What's Producible May Not Be Reachable: Measuring the Steerability of Generative Models
Keyon Vafa, Sarah Bentley, Jon Kleinberg, Sendhil Mullainathan
TL;DR
This work introduces a principled framework to separate steerability from producibility in generative models and proposes a goal-induced benchmark to measure steerability in isolation. Through large-scale human studies on text-to-image models and LLMs, it reveals widespread poor steerability and highlights that even high-quality outputs do not guarantee effective user-directed steering. The authors develop a Blinder-like decomposition to disentangle improvements due to steering mechanisms from those due to producible output sets, showing both contribute substantially. Importantly, they demonstrate that steerability can be meaningfully improved with a simple image-based steering approach and an RL-learned steering distribution, achieving over 2× gains in steerability relative to text prompting. The findings underscore the need to prioritize steerability in model design and interaction interfaces to deliver goal-directed, user-satisfying performance in real-world use cases.
Abstract
How should we evaluate the quality of generative models? Many existing metrics focus on a model's producibility, i.e. the quality and breadth of outputs it can generate.

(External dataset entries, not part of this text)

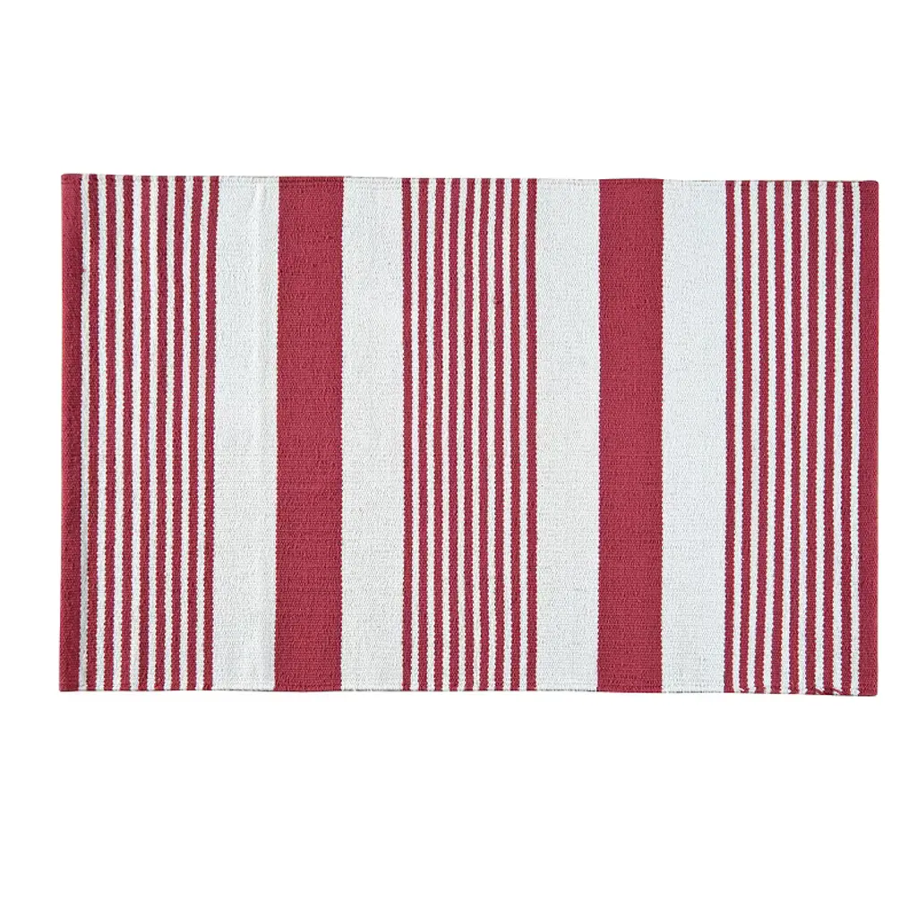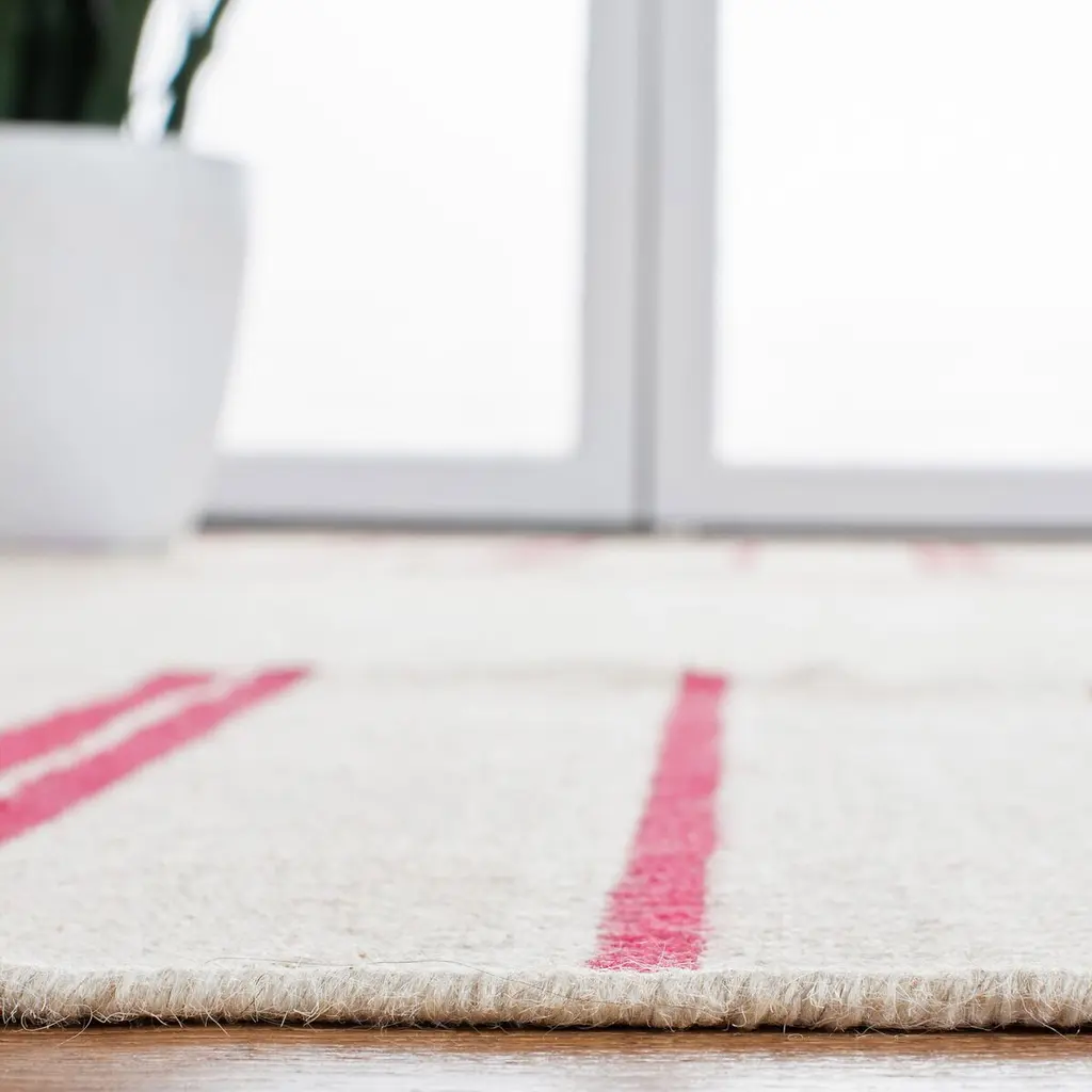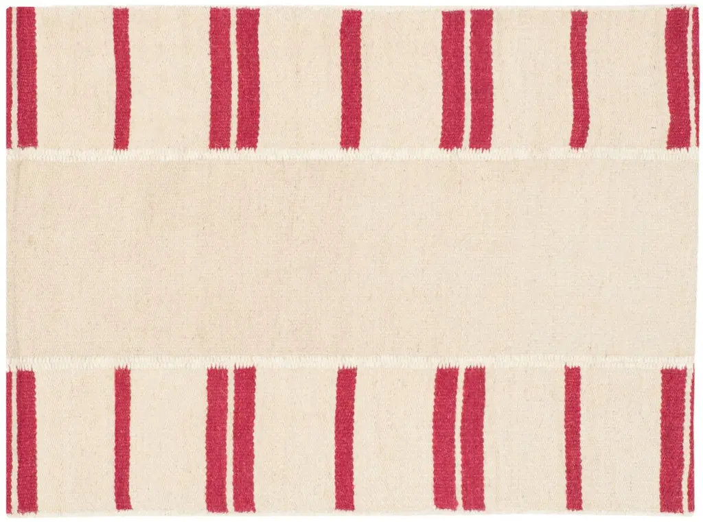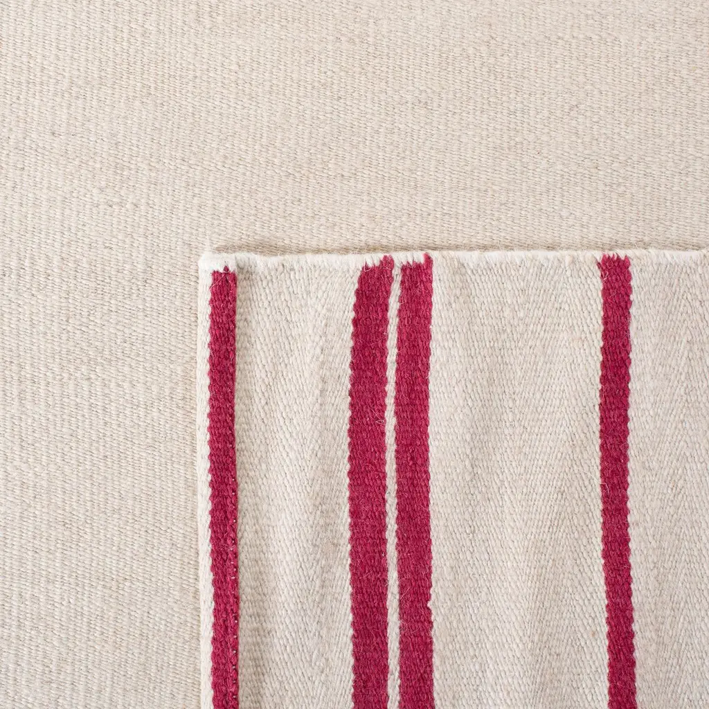 Introducing our exquisite hand woven accent rug, a celebration of craftsmanship and design. This 2' X 3' floor covering is a seamless blend of comfort and style, meticulously crafted in India from 100% wool pile to ensure a soft, luxurious feel underfoot. The rug boasts a low profile with a pile height of 1/8", making it a perfect addition to any room without obstructing doorways or entrances. The rich rouge hues are elegantly arranged in a timeless pattern that features bold horizontal stripes, adding a splash of color and visual interest to your space. The simplicity of the design ensures that the rug can stand alone as a focal point or complement your existing decor with its versatile aesthetic. Ideal for bringing warmth and texture to small spaces, this rug is not just a statement piece but also a testament to the enduring art of hand woven textiles. Whether you're looking to enhance your living room, bedroom, or entryway, this area rug promises to deliver both sophistication and durability for years to come. Embrace the allure of this artisan-crafted rug and transform your home into a haven of style and comfort.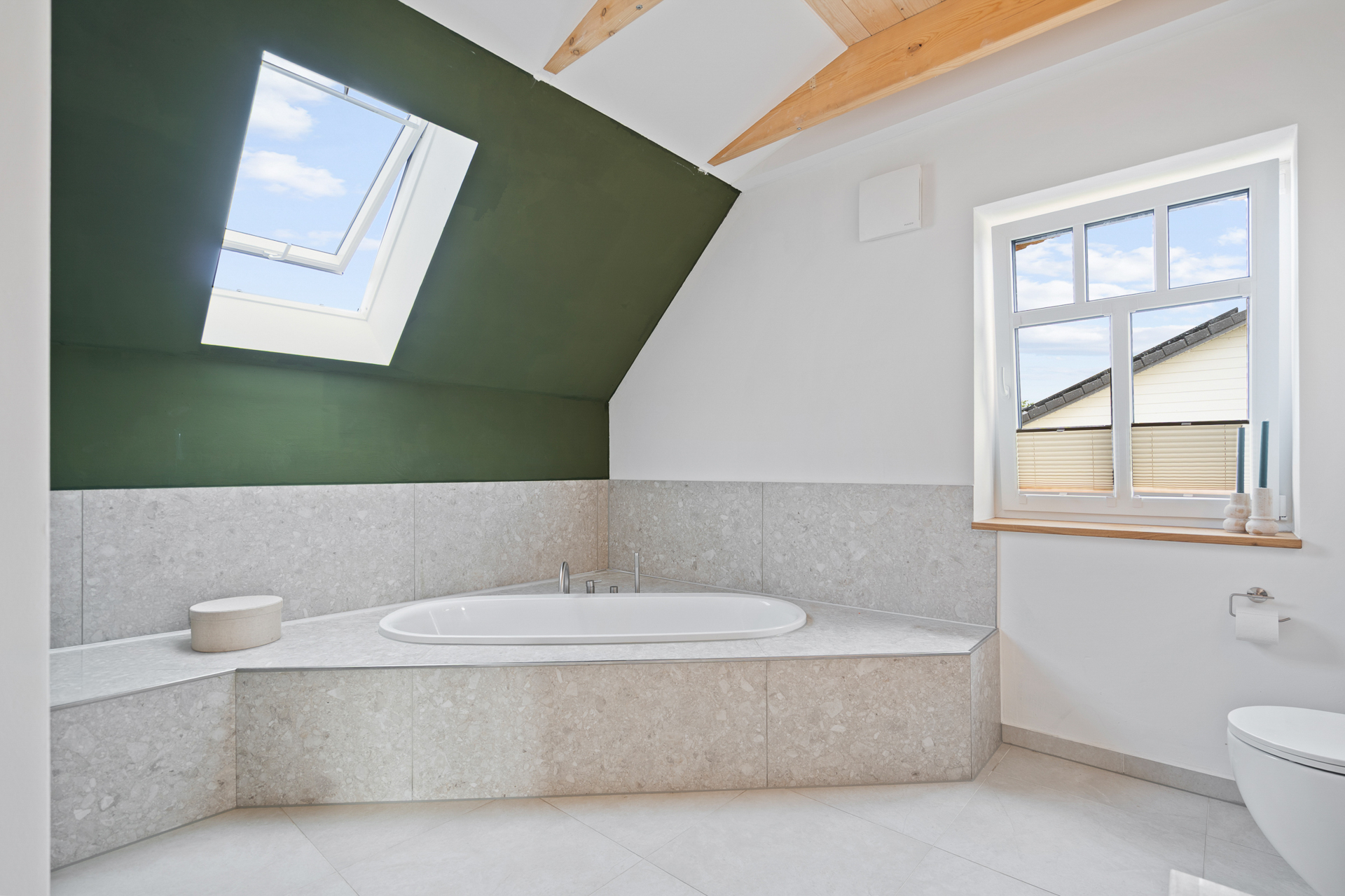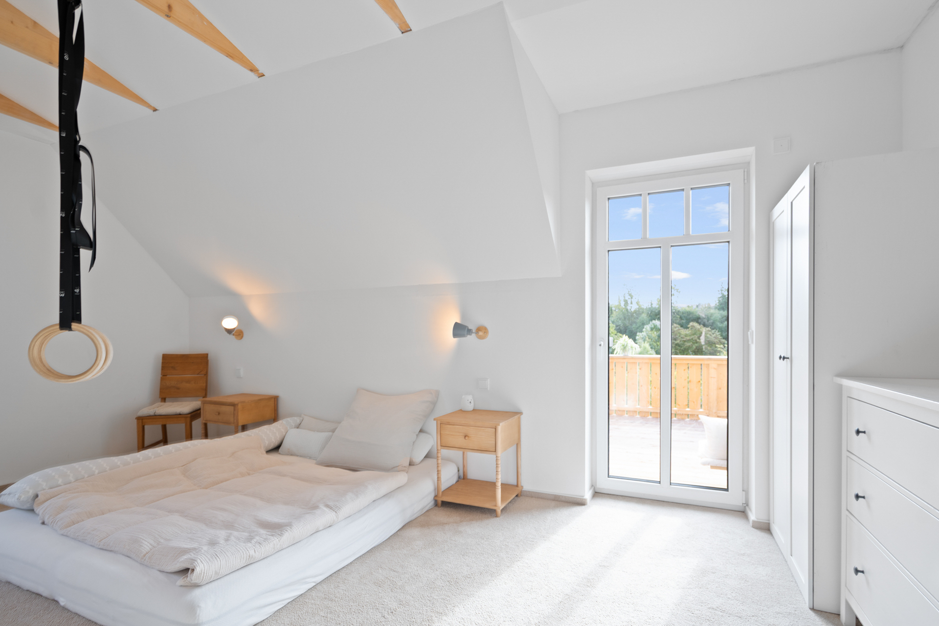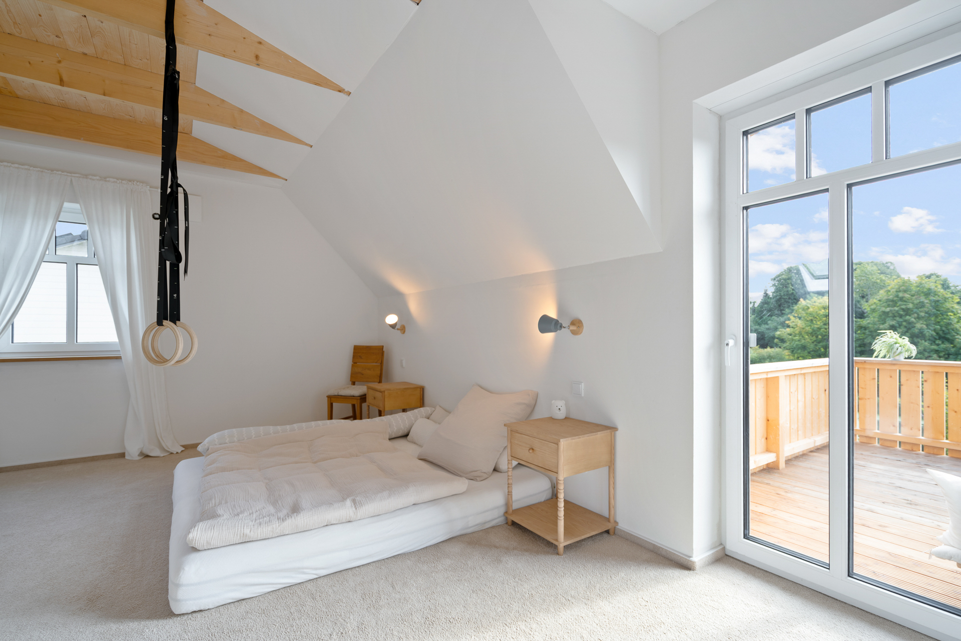 Über eine geschwungene Echtholz-Betontreppe mit massiven Eichenstufen gelangen Sie ins Obergeschoss. Die offene Galerie mit maßgefertigtem Glasgeländer verbindet die Ebenen elegant und unterstreicht das luftige Raumkonzept. Hier befinden sich zwei helle Kinderzimmer, von denen eines Zugang zum Balkon mit warmen Holzdielen und unverbaubarem Blick über die idyllischen Teiche bietet. Das separate Kinderbad ist funktional und hochwertig ausgestattet. Das Elternschlafzimmer verfügt ebenfalls über einen direkten Zugang zum Balkon und lädt mit seinem freien Blick ins Grüne zum Verweilen ein. Das angeschlossene Bad en Suite überzeugt mit moderner Steinoptik, einer bodengleichen Dusche mit integrierter Sitzbank sowie einer stilvoll eingelassenen Badewanne. Tageslicht fällt durch das Dachflächenfenster und schafft in Kombination mit der sichtbaren Holzdecke eine besonders wohnliche Atmosphäre. Ein großzügiger Dachboden rundet das Raumangebot ab und bietet vielseitige Nutzungsmöglichkeiten - ob als Stauraum oder für einen späteren Ausbau.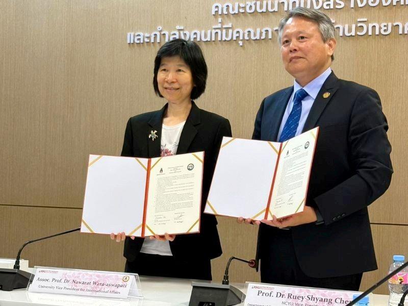 圖2:嘉大陳瑞祥副校長代表與泰國孔敬大學Nawarat Wara-aswapati副校長(左)續簽合作備忘錄。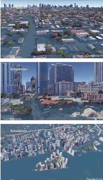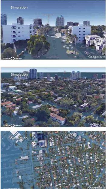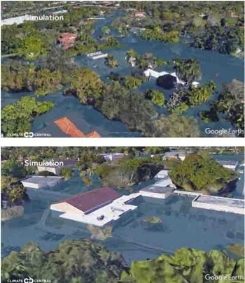 La organización utilizó la herramienta de Google Earth para simular cómo golpeará la oleada de la tormenta a los barrios de la zona sur de Florida. Dependiendo de la topografía del lugar, las inundaciones podrían ser hasta de cuatro metros de altura sobre el suelo. Lo que dejaría en riesgo a millones de casas que quedarían sumergidas.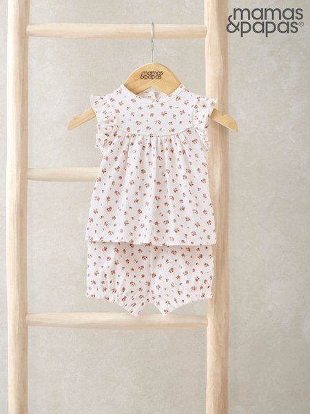 Mamas & Papas Cream Woven Rose Print Pyjamas

However, the actual value from using a generative model stems not just from what it can produce but whether a user with a specific goal can produce an output that satisfies that goal. We refer to this property as steerability. In this paper, we first introduce a mathematical decomposition for quantifying steerability independently from producibility. Steerability is more challenging to evaluate than producibility because it requires knowing a user's goals. We address this issue by creating a benchmark task that relies on one key idea: sample an output from a generative model and ask users to reproduce it. We implement this benchmark in user studies of text-to-image and large language models. Despite the ability of these models to produce high-quality outputs, they all perform poorly on steerability. These results suggest that we need to focus on improving the steerability of generative models. We show such improvements are indeed possible: simple image-based steering mechanisms achieve more than 2x improvement on this benchmark.